Co-occurrence of Functional Gonadotroph Adenoma and Lactotroph Adenoma: A Case Report and Literature Review

Affiliations
Case Reports

Co-occurrence of Functional Gonadotroph Adenoma and Lactotroph Adenoma: A Case Report and Literature Review

Mohammad T Ullah et al. AACE Clin Case Rep. .

Abstract

Background/objective: Functional gonadotroph adenomas (FGAs) are adenomas producing active gonadotropins, follicle-stimulating hormone or luteinizing hormone. Double pituitary adenomas are 2 distinct adenomas occurring in an individual. This report aimed to present an extremely rare case of an FGA, itself an uncommon disorder, co-occurring with a lactotroph adenoma.

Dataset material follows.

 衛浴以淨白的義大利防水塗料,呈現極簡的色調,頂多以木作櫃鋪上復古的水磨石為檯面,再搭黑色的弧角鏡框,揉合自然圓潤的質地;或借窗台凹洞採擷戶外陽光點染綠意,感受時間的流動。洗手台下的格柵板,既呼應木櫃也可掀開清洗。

Case report: A 33-year-old woman presented with menorrhagia and was found to have ovarian enlargement, large uterine leiomyomas, and bitemporal hemianopsia. Initially, the levels of follicle-stimulating hormone, luteinizing hormone, estradiol, and prolactin were 73.3 mIU/mL (midcycle peak, 2.3-20.9 mIU/L), 3.74 mIU/L (midcycle peak, 8.7-76.3 mIU/L), 1071 pg/mL (midcycle peak 38-649 pg/mL), and 402 ng/mL (2-30 ng/mL), respectively. Pituitary magnetic resonance imaging demonstrated a single sellar mass (2.0 × 2.2 cm). Two months of cabergoline did not reverse visual field deficits; therefore, transsphenoidal resection was performed. Diagnosis of 2 separate adenomas, a gonadotroph and lactotroph adenoma, was confirmed on pathology.

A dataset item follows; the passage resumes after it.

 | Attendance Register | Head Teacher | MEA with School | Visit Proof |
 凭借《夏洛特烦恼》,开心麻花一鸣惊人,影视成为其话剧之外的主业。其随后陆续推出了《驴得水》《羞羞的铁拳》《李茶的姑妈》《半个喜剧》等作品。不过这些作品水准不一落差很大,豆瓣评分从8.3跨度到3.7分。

Discussion: In this case, gonadotropins did not suppress in response to hyperprolactinemia. Although marked hyperprolactinemia has been associated with functional and clinically silent gonadotroph adenomas in prior cases, this is the first case to confirm an FGA co-occurring with a lactotroph adenoma.

Conclusion: In patients who present with elevated gonadotropin levels despite hyperprolactinemia, we suggest considering FGA. Further research is needed to clarify whether there is underdiagnosis of lactotroph adenomas co-occurring with gonadotroph adenomas.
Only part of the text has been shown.